People accused of violating city ordinances that regulate strippers are not entitled to have their guilt or innocence decided by a jury, the Arizona Court of Appeals ruled Thursday.
The appellate judges unanimously rejected arguments by employees of Skin, a Scottsdale business featuring live exotic dancing, that their constitutional rights to a trial by jury would be violated if they were tried solely by a city magistrate. The judges said the right to trial by jury is not available to everyone.
Thursday's ruling is a victory for Scottsdale attorneys who want the case heard only by a magistrate.
The case involves 13 dancers who were charged with violating three city regulations.
One prohibits patrons from placing money on the body or costume of dancers. A second requires that dancers remain at least 3 feet from patrons, with a railing in between.
And a third requires performers to be licensed by the city.
A manager faces related charges.
The appeal came after a city magistrate refused their request for a jury trial, a decision upheld by a Maricopa County Superior Court judge.
Appellate Judge Jon Thompson, writing for the court, said two sections of the Arizona Constitution guarantee the right of a trial by jury. But he said those provisions are not absolute.
One governs only crimes which were eligible for jury trials when Arizona became a state in 1912. The other covers crimes the Legislature or whoever adopted the law considered "serious," regardless of the punishment available.
Thompson acknowledged the Arizona territory had a law against indecent exposure, a law that did entitle those charged with violating it to a jury trial. But he said the Scottsdale ordinance simply regulates nude dancing and does not prohibit it outright.
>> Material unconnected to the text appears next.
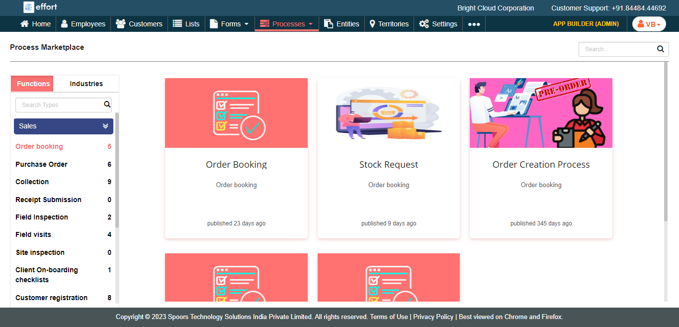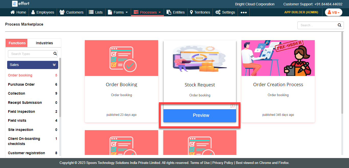 The Process Marketplace page appears with the Functions and Industries buttons on the left.

As to the issue of whether the crime is "serious," Thompson said the general rule of thumb is that no right of a jury trial exists for misdemeanors which have a punishment of no greater than six months in jail. That is the maximum penalty for the charges at issue here.
Thompson said the fact that the manager could have his license to do business suspended, above and beyond the criminal sanction, does not elevate the crime to serious.
"The loss of the right to manage a sexually oriented business does not approximate the severity of a prison term," the judge wrote.